Practical Applications
Immediate Applications
The following applications can be deployed now by leveraging the paper’s taxonomy, datasets, code, and the demonstrated test-time reasoning guidance that scaffolds meta-cognitive and structural reasoning patterns.
- Cognitively scaffolded prompting for complex tasks (software, customer support, legal, operations)
- Use case: Wrap LLMs with prompts that enforce sequences like self-awareness → hierarchical representation → decomposition → evaluation on ill-structured problems (e.g., incident postmortems, policy analyses, legal memos, complex customer escalations).
- Tools/workflows: “Reasoning Guidance” prompt library; task-type detectors to select scaffolds; integration into LangChain/LlamaIndex as middleware; parameterized templates per domain.
- Assumptions/dependencies: Model must expose or reliably simulate reasoning traces; latency and token costs may rise; benefits most pronounced on ill-structured tasks (as reported up to ~60–66.7% improvement).
- Cognitive-process auditing and QA for LLM outputs (AI governance, compliance, safety)
- Use case: Evaluate whether outputs exhibit the 28 cognitive elements correlated with success (e.g., meta-cognitive evaluation, hierarchical organization), not just final accuracy.
- Tools/workflows: Annotation toolkit and metrics from the released code/data; dashboards that visualize the presence/sequence of cognitive elements; “Cognitive Element Scorecards.”
- Assumptions/dependencies: Requires access to model traces or generated “think-aloud”; automated classifiers may need domain calibration; auditing complements but does not replace outcome validation.
- Model selection and routing by cognitive profile (MLOps, platform teams)
- Use case: Route tasks to models that exhibit stronger meta-cognitive controls or hierarchical reasoning on similar problem structures; avoid models that over-rely on shallow forward chaining for ill-structured tasks.
- Tools/workflows: Cognitive profiling benchmarks built from the released corpus; per-task routers; A/B evaluation harnesses.
- Assumptions/dependencies: Profiles must be built and maintained; performance differs by modality and domain; routing adds system complexity.
- Reasoning-aware UX for transparency and user trust (product, HCI)
- Use case: Interfaces that surface meta-cognitive steps (self-assessment, evaluation) and structural representations (hierarchies, causal chains) to help users inspect and steer reasoning.

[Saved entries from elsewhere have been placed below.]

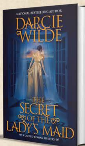
THE SECRET OF THE LADY'S MAID ISBN: 9781496738035
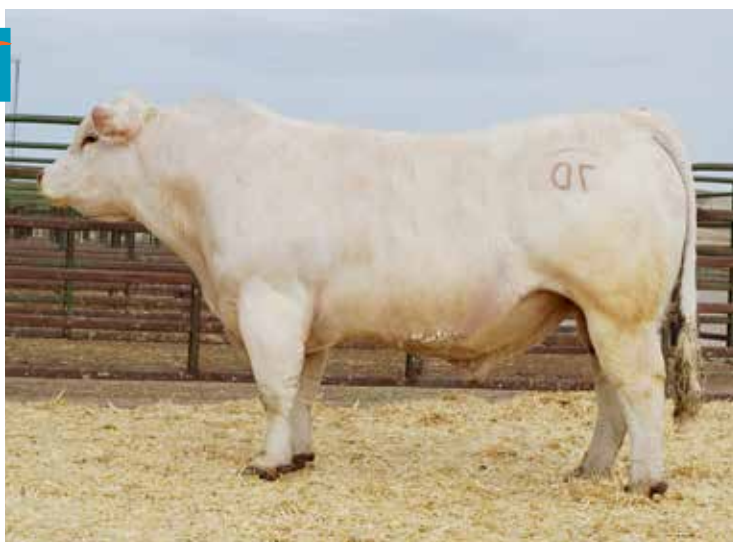
BHD ZEN X270 SIRE OFL OT 75

Bred A-I on 12/6/20 to Faraway Chico 4T, EM740142. Ranks in the top 20% WW, 15% YW, 7% CW, 15% Fat and 10% TSI EPDs for the breed. Her dam and 2-sisters remain in the herd, her great granddam is the oldest cow in herd at 13 years and still going! Her dam is a triple-bred Grid Maker cow who is the favorite cow in the herd. Zen has been doing a fantastic job, his daughters have been the dams of many of the top selling bulls in DeBruycker's bull sale.
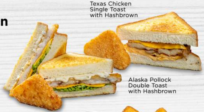
Texas Chicken Single Toast with Hashbrown
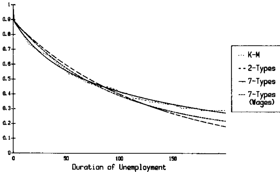
FIGURE 1.—Survivor functions: unrestricted models.

function for n = 1 and 6, along with the Kaplan-Meier estimate. The fit is clearly superior for n = 6 . As another indication, we calculated the \chi^2 statistic for the comparison of predicted frequencies of unemployment durations and actual frequencies. Because there are many empty cells (out of the 213 periods there are 101 empty cells, periods in which no individual completed a spell), we calculated the \chi^2 statistics in Table V using the classification scheme shown in Table III, approximately quarterly periods. 16 Although none of the specifications have \chi^2 statistics below the critical value, the ordering is as suggested by the likelihood values and by the plot of the survivor functions. The second column of Table V considers the fit only for the first 50 weeks, taken individually, in which there are no empty cells. Again, none of the specifications pass the fit test; the ordering is consistent with the likelihood values.
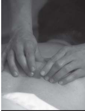
Bad weather on the mountain left time for other activities!
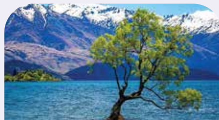
THAT WANAKA TREE
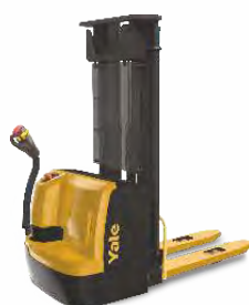
Walkie Stacker MS15UX 1,500kg
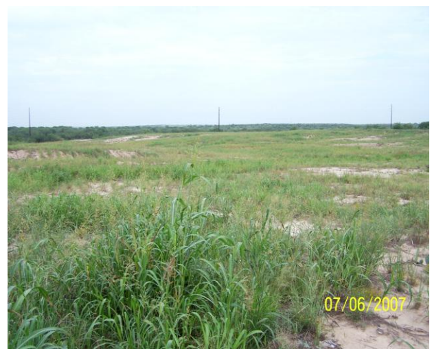
Critical Area Planting After
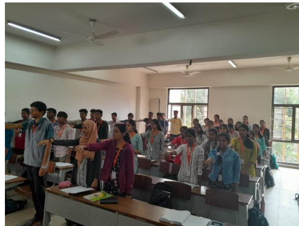
Sample pictures of students taking pledge on Swachh Bharat Abhiyaan Under EBSB from various departments
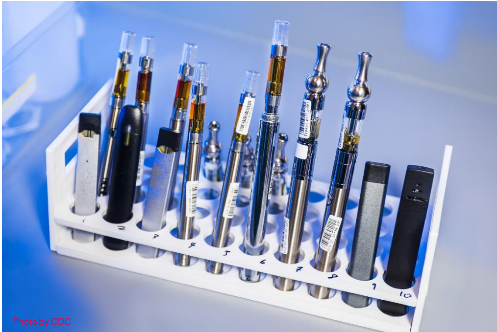
A test tube rack with examples of different e-cigarettes.
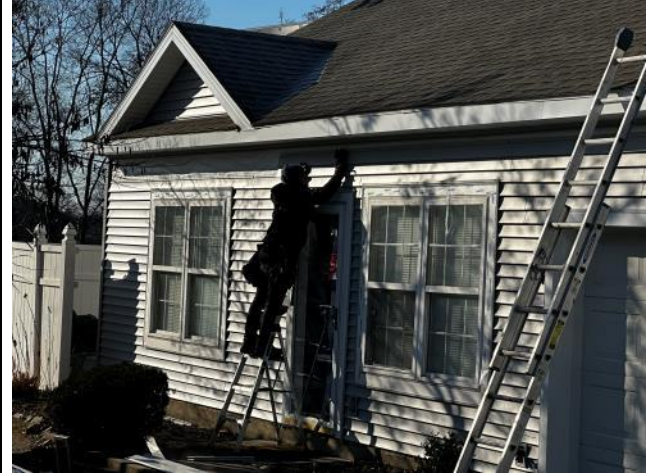
Photo #16: Overview of new vinyl siding being installed at a front section.
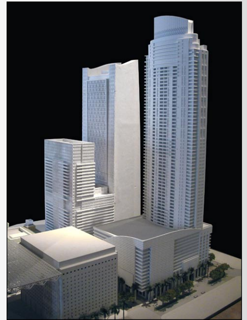
The Realization Group used the ZPrinter 310 Plus to create this 28-inch-high model of “The Met” in Miami, in one-fourth of the time and cost of traditional architectural modeling methods.

“Speed is the key. I can take an order for a model today and drop it off with the customer tomorrow. Cost is another key ... I can make that model for one-fourth the cost of stereolithography or laser-cutting.”
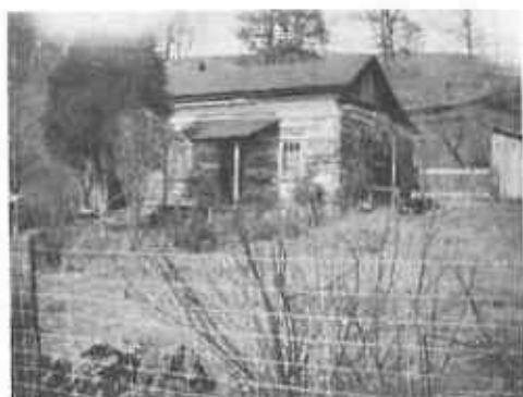
Pioneer cabin located on the east bank of the Clear Fork and below the west side of the Jedediah Smith homestead.
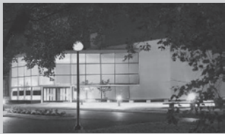
The spacious Eisenhart Auditorium complex will be the site of this year's Fair.

Rochester Museum & Science Center Eisenhart Auditorium 657 East Ave, Rochester, NY 14607
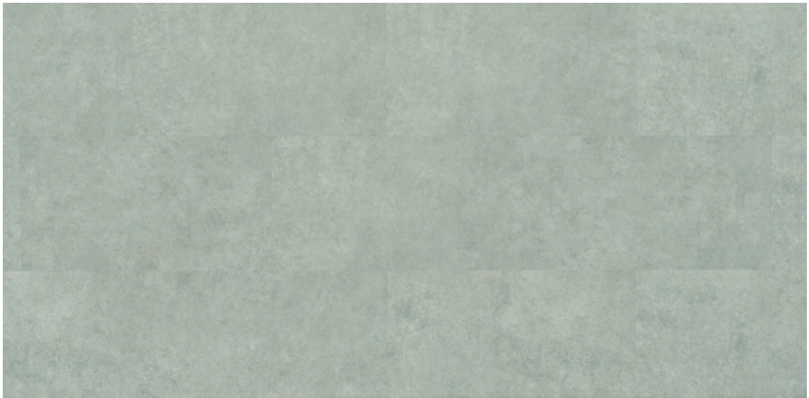
HT 6825 T Phyllite
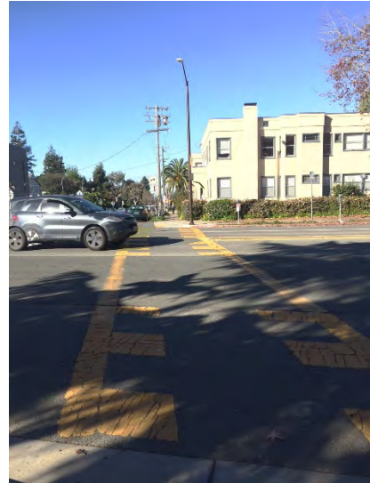
Right: Midblock uncontrolled crosswalk at Telegraph Avenue and Ward Street
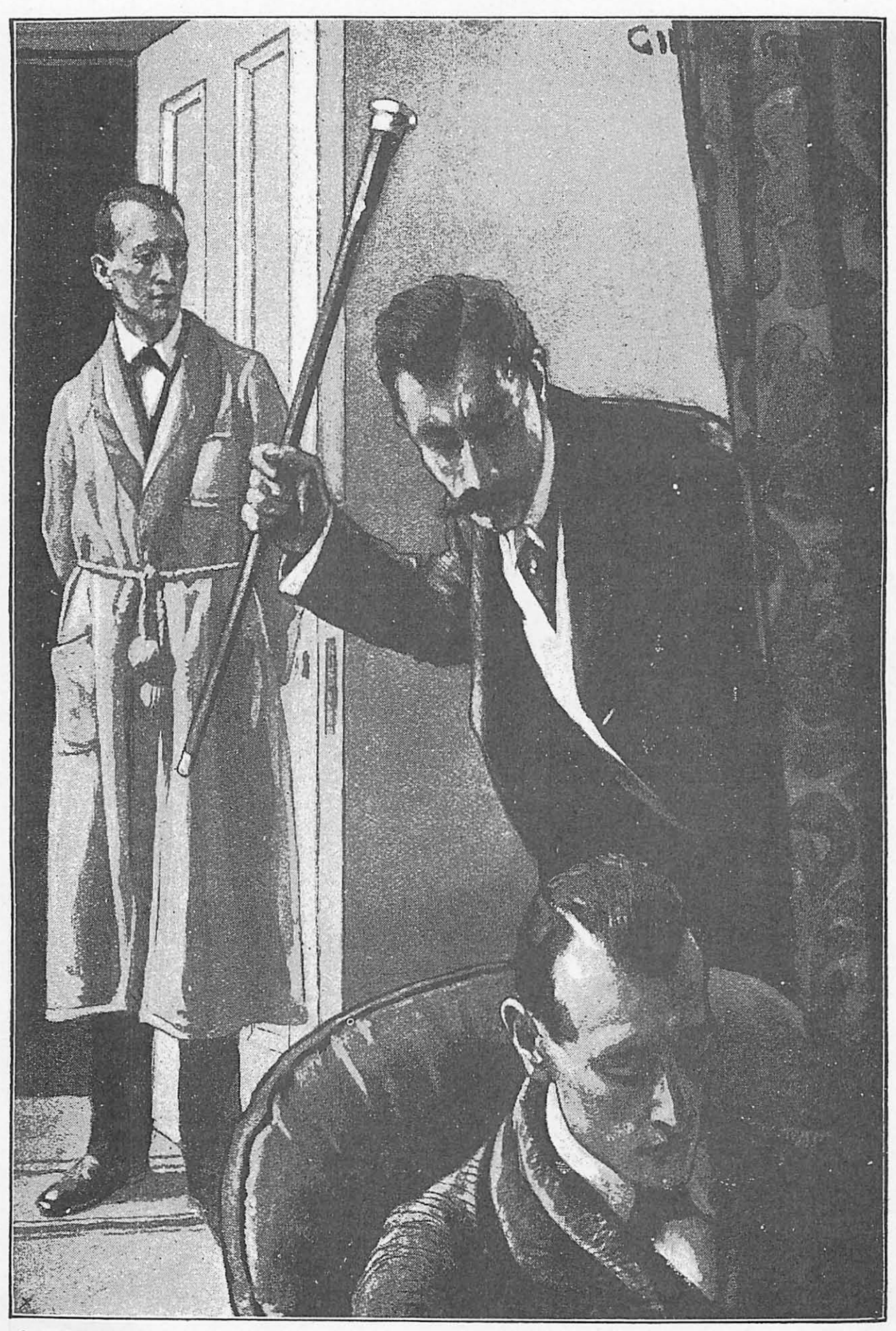
"HIS THICK STICK HALF RAISED, HE WAS CROUCHING FOR HIS FINAL SPRING AND BLOW WHEN A COOL, SARDONIC VOICE GREETED HIM FROM THE OPEN BEDROOM DOOR; 'DON'T BREAK IT, COUNT! DON'T BREAK IT!"

- Tools/workflows: “Think-aloud” modes with structured sections; interactive toggles for plan vs. exploration; error-check prompts.
- Assumptions/dependencies: Must balance verbosity with usability; risk of users over-trusting articulated but incorrect reasoning.
- Education: meta-cognitive tutoring and paper aids (education, edtech)
- Use case: Tutor prompts guiding students through goal management, decomposition, verification, and representational restructuring for math proofs, science explanations, or writing.
- Tools/workflows: Lesson templates aligned to the taxonomy; formative assessment rubrics capturing cognitive elements; student-facing reasoning checklists.
- Assumptions/dependencies: Nontrivial to align with curricula and assessments; domain calibration needed to avoid confabulation; human-in-the-loop essential.
- Root-cause analysis and decision support (IT ops, engineering, finance, risk)
- Use case: Enforce backward chaining and evaluation to derive prerequisites for failures or risks; integrate causal and temporal organization when analyzing logs or market events.
- Tools/workflows: Structured RCA templates; causal/temporal graph builders; verification checklists tailored to domain criteria.
- Assumptions/dependencies: Requires domain data and criteria for verification; LLM is advisory, not authoritative; ensure data governance.
- Content creation with cognitive controls (marketing, research, journalism)
- Use case: Prompt workflows that ensure goal management and evaluation while moving between abstraction and adaptive detail management for reports, whitepapers, and narratives.
- Tools/workflows: Draft-to-structure pipelines; “conceptual-first” writing modes; meta-review passes for logical coherence and compositionality.
- Assumptions/dependencies: Gains depend on adherence to scaffolds; human editorial oversight remains crucial.
- Healthcare documentation and non-clinical triage (healthcare IT)
- Use case: Use hierarchical and causal structures to organize clinical notes and triage summaries; meta-cognitive evaluation to flag uncertainty and missing information.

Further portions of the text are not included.